After talking to some users about the XLSCONVERT utility, I realized that they needed something more.
It was not enough to provide a way to access an image of an XLS/XLSX spreadsheet (as the one created in library QTEMP from the XLSCONVERT utility) with their traditional ILE-RPG programming, via subprocedure xlsgetcell.
They simply wanted to have the an Excel XLS/XLSX spreadsheet transformed into a table: an obvious OS/400 physical file that can be read by any programming language for the System i.
This is what commands XLSTABLE is about.

2- Command XLSTABLE

Command XLPARSE2/XLSTABLE generates and fills a physical file (target file) with the data from an Excel XLS/XLSX spreadsheet.

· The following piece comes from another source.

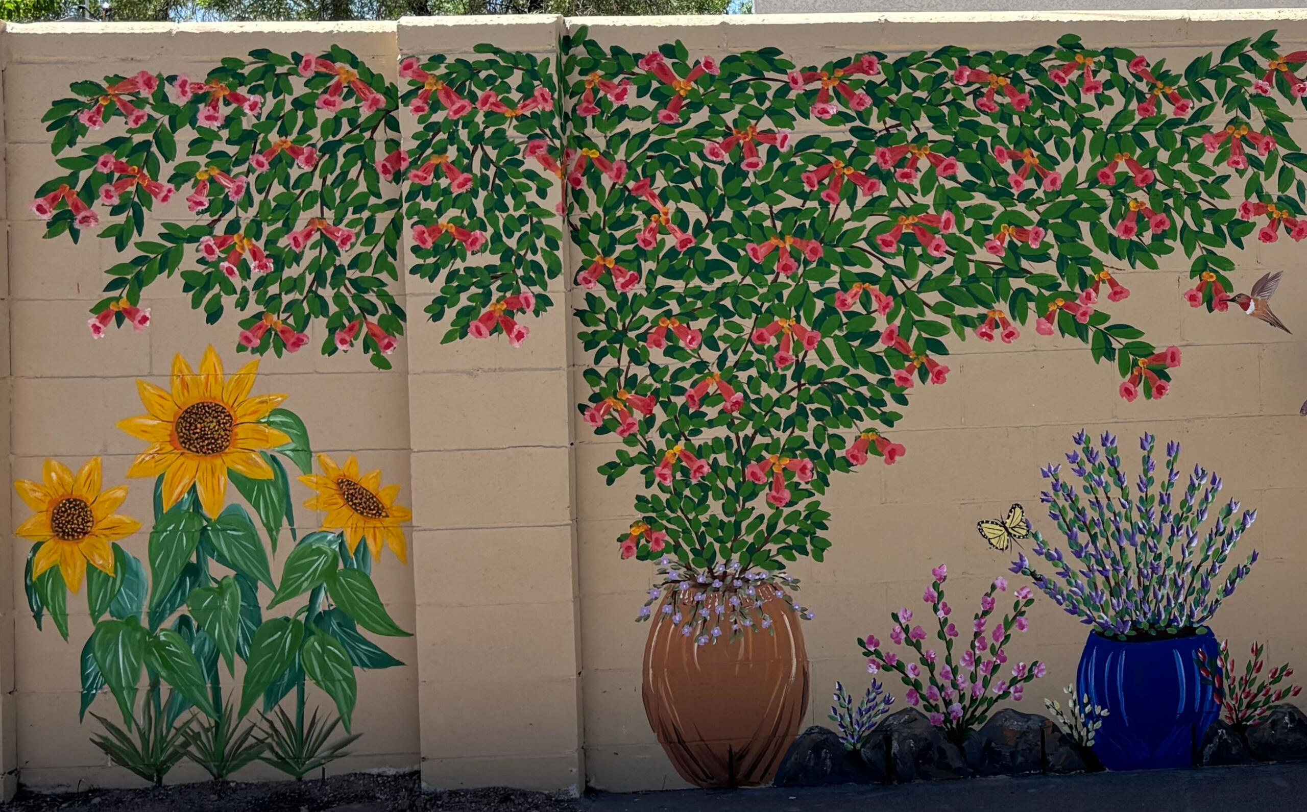 Don Bremner came all the way from New Zealand to learn to garden in the desert. In "Contagious Color", Don has created a perfect garden for the desert, no water needed. Don transferred his acrylic on canvas talents to stucco and opened ThingsOnTheWall.com to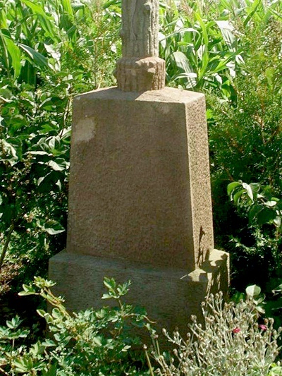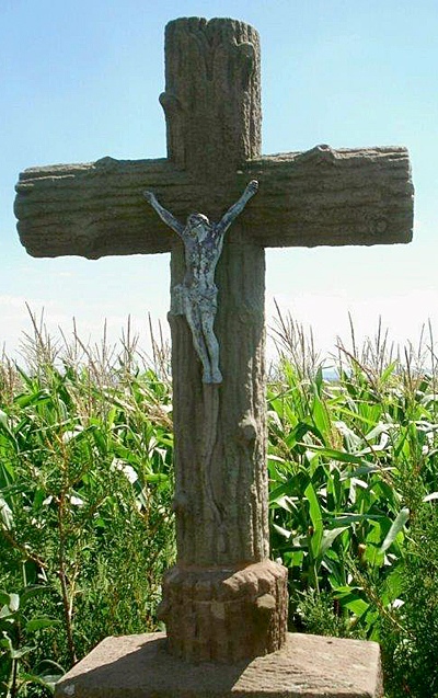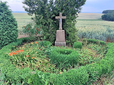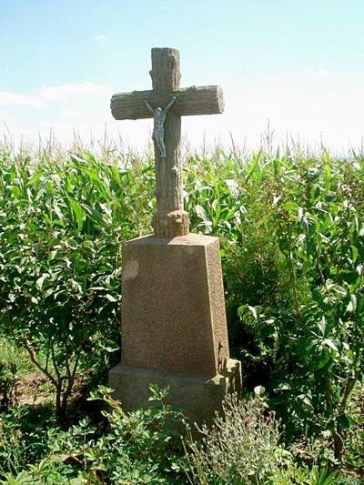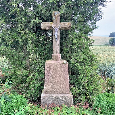 Ein schwerer Sockelstein , darauf ein schwerer Schaft. Über dem Schaft ein Baumstammkreuz mit einem eisernen Korpus, gute Steinmetzarbeit. Das Kreuz steht etwas versteckt im Feld, aber in einer kleinen sauberen Anlage. [1]

  • The Java job execution environment must not have been already set (through the command ADDENVVAR ENVVAR(CLASSPATH) ...). If a classpath other than the expected one was set, you receive a Java escape message saying that a class was not found.
  • The user profile running command XLSTABLE must have special authority *JOBCTL. This is required by command ADDENVVAR which is executed by the program.
  • The Excel XLS/XLSX spreadsheet must be on the IFS and must be coded in ASCII characters (CCSID 819-ASCII ISO Latin 1, 1212-PC USA, or 1252-IBM PC).
  • Though the spreadsheet may contain several spreadsheets, just one spreadsheet is processed.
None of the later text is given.